Profiling and Benchmarking
Inference and tagging of a product as anomalous or not must be completed at maximum 100ms ensuring a throughput of 10 products per second. The generation of embeddings for the pretrained CNN unsupervised model is for a 224x224 image on the order of 10ms without any optimization (fp32) or batching.
The vector store is able to perform nearest neighbors search in approx 10ms-15ms (P99) latency for a 2048-dim vector.
Recommended Hyper-edge Compute Nodes
The compute nodes are selected based on the following criteria:
- Hybrid cloud deployment: with a mix of on-prem and cloud nodes.
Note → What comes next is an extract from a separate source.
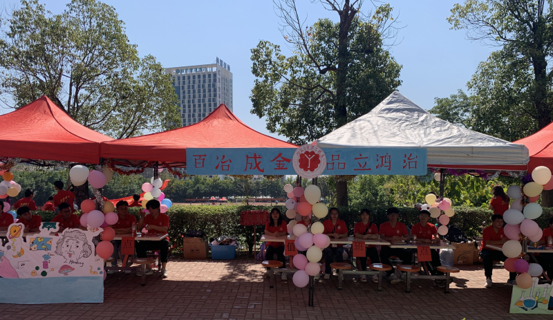 来到大本营,首先看到的是“百冶成金,品立鸿治”,这句话代表了冶金的特点。其次,再到大本营的正面和侧面设计,正面是名侦探柯南中化学实验和与科技相关人物内容;侧面是学生做化学实验和一些化学方程式还有一些玻璃仪器。采用这些元素是为了彰显我系冶金特色。

- Redundancy: to ensure that the inference pipeline is always available.
- Security: to ensure that the inference pipeline is secure.
- Ruggedness: to ensure that the inference pipeline is able to withstand harsh manufacturing environments.
For US deployments we recommend the Dell APEX Cloud Platform MC-4000r/z with MC-4520c with either the L4 or A2 GPU, depending on inference throughput requirements.
For China deployments we recommend the Lenovo ThinkAgile MX455 V3 Edge PR with A2 GPU.
Other less expensive or air-gapped edge compute options are also possible.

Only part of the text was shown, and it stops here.